Texans
of English origin seem to be the least colony-minded people in the state.
One reason is that the English are simply part of the Anglo
majority that has formed Texas since the mid-1830s. English settlers are
often invisible.
Some of the early English were not so invisible to the Spanish. John
Hamilton visited the mouth of the Trinity River as a horse buyer about
1774 and purchased any available stolen livestock...an activity not overly
welcomed by the Spanish. Yet, in 1792, John Culbert, a silversmith, was
allowed to live in San Antonio. His skills were valuable.
Even if native English were few, English products were not. Suppliers
to the world, the English manufactured, for example, the famous third
model Brown Bess, or East India musket. In .75 calibre, it
was a powerful if short-range weapon. This was the most common firearm
of the Texas Revolution, used by both sides.
English individuals did involve themselves in various empresario and
colonization schemes. All were grandiosely planned; all were ineffective.

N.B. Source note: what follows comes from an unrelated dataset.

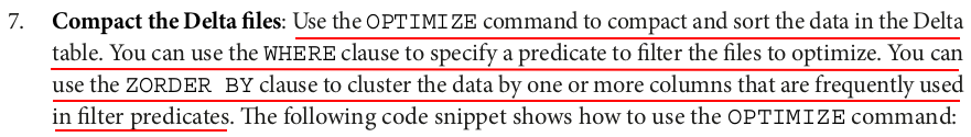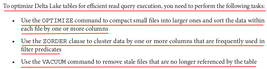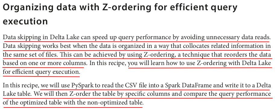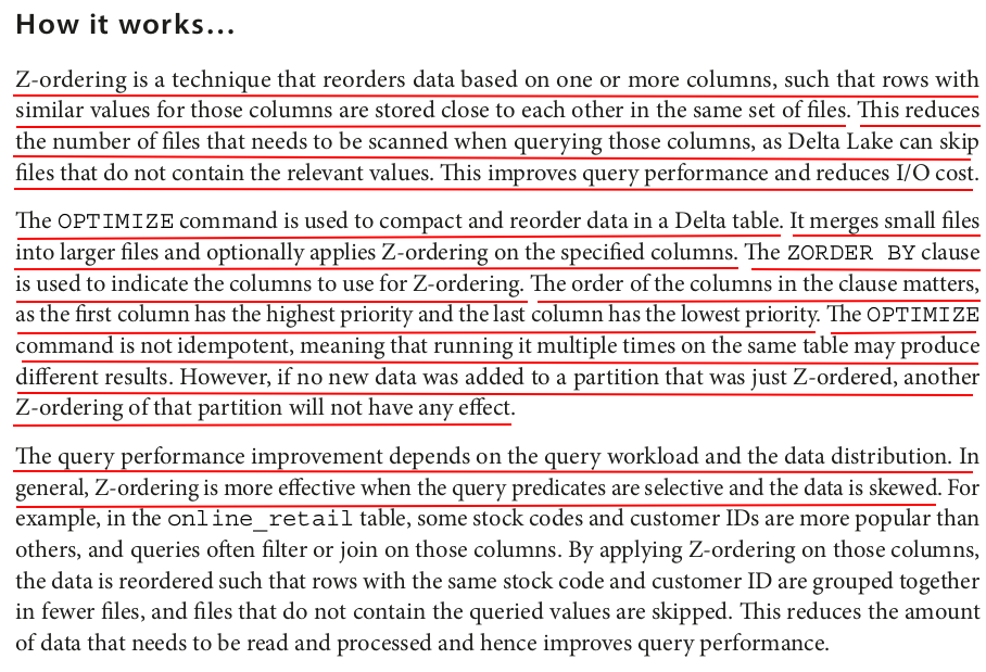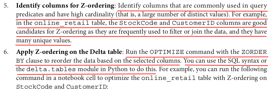 # Get the DeltaTable object for the online_retail table deltaTable = DeltaTable.forPath(spark, "/zdata/Github/Data-Engineering-with-Databricks-Cookbook-main/data/delta_lake/online_retail") # Optimize the table with Z-Ordering on StockCode and CustomerID deltaTable.optimize().executeZOrderBy("StockCode", "CustomerID")
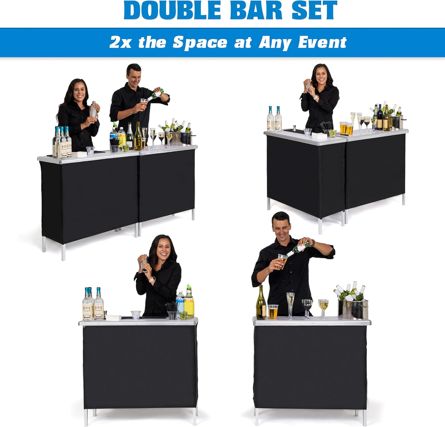 - DOUBLE BAR SET: Includes 2 portable bar tables and 2 attachable black bar skirts that works for casual and formal events

John Charles Beales's Rio Grande Colony attracted a few families before
it disbanded in the 1836 revolution; and the Peters colony, chartered
by the Republic of Texas in 1841, resulted in only light settlement over
an area now constituting 26 North Texas counties. The Colony of Kent was
perhaps the most interesting English effort. A commercial venture of the
Universal Emigration and Colonization Company of London, this colony was
imagined as a socialistic, profit-making community. The founding company
convinced more than 30 families to leave Liverpool, England, for Central
Texas. Kent was founded during the cold January of 1851. Backers of the
venture claimed that Kent would become the first city of Texas,
but the colonists were ill-informed about frontier hardships, were not
farmers, and were not given sufficient backing for the first year. Soon,
they had scattered for other areas where life would be easier.
No
settlement areas became distinctly English. Individuals came, however,
and settled all over the state. Some quickly became prominent.
But the most obvious English influence before the 20th century was investment
and land ownership in the Texas Panhandle. In the decade after 1880, English
ranchers and investors (most of the latter never saw Texas) put more than
$25 million into 20 million acres of land.

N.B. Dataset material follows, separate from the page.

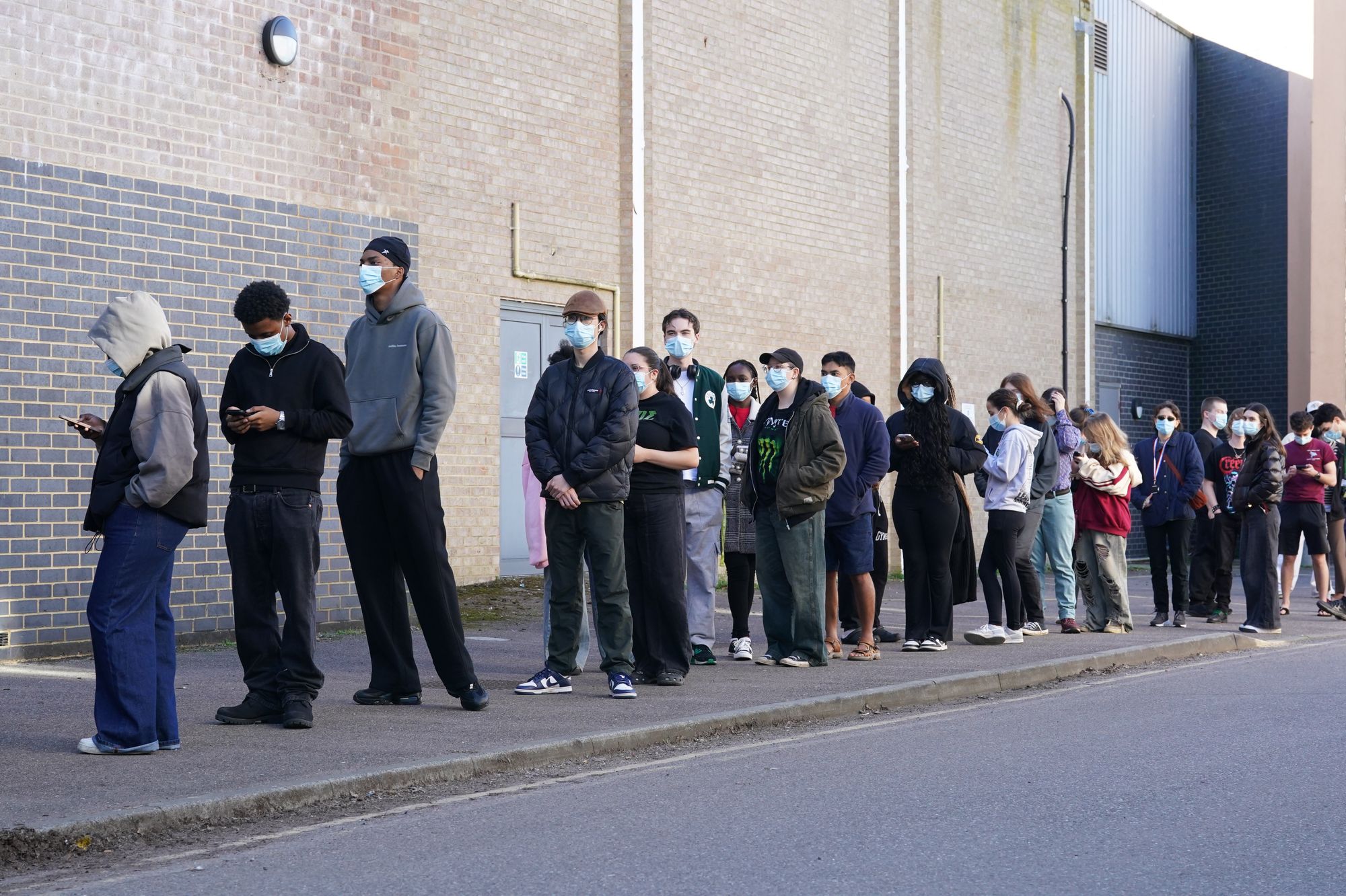 Security walked along the queue handing out blue face masks and telling students that they would not be allowed into the building without one.

The Capitol Freehold Land and Investment Company, incorporated in London,
was the largest Panhandle investor. This company initially stocked and
operated the three-million-acre XIT ranch, the land which had underwritten
the construction costs of the present state capitol building.
Thus, the English, by drilling water wells, building fences, and bringing
in stock, initiated plains ranching. Numerous settlers of all ethnic groups
and origins came as workers, ranchers, and farmers to the plains. Most
of these ventures did not, however, prove magnificently profitable, at
least for the investors. English investment fever cooled by the turn of
the century.
Many
native Texans expected the English who came to Texas to be stereotypical
characters. Some were. Heneage Finch, Seventh Earl of Aylesford, arrived
in Big Spring in 1883 after leaving England to escape a disastrous divorce
scandal. Setting himself up as a small rancher, he bought the local hotel
in order that he or his guests would always have a room when needed; he
bought a local butcher shop so he would always have meat cut to his liking;
and he bought the saloon to ensure a ready supply of whisky, a half gallon
a day.
William
Anson, a more typical younger son, who could, under British law, inherit
little or nothing, came to Tom Green County in 1902. He was able to purchase
a working ranch and turn it into a quarter-horse operation by supplying
mounts to the British army. Anson introduced polo to Texas, became a citizen,
and served as a captain in World War I.
The largest number of English immigrants to enter Texas, more or less
at the same time, came in mid-century at the end of World War II. They
were the brides of U.S. soldiers returning to their home state.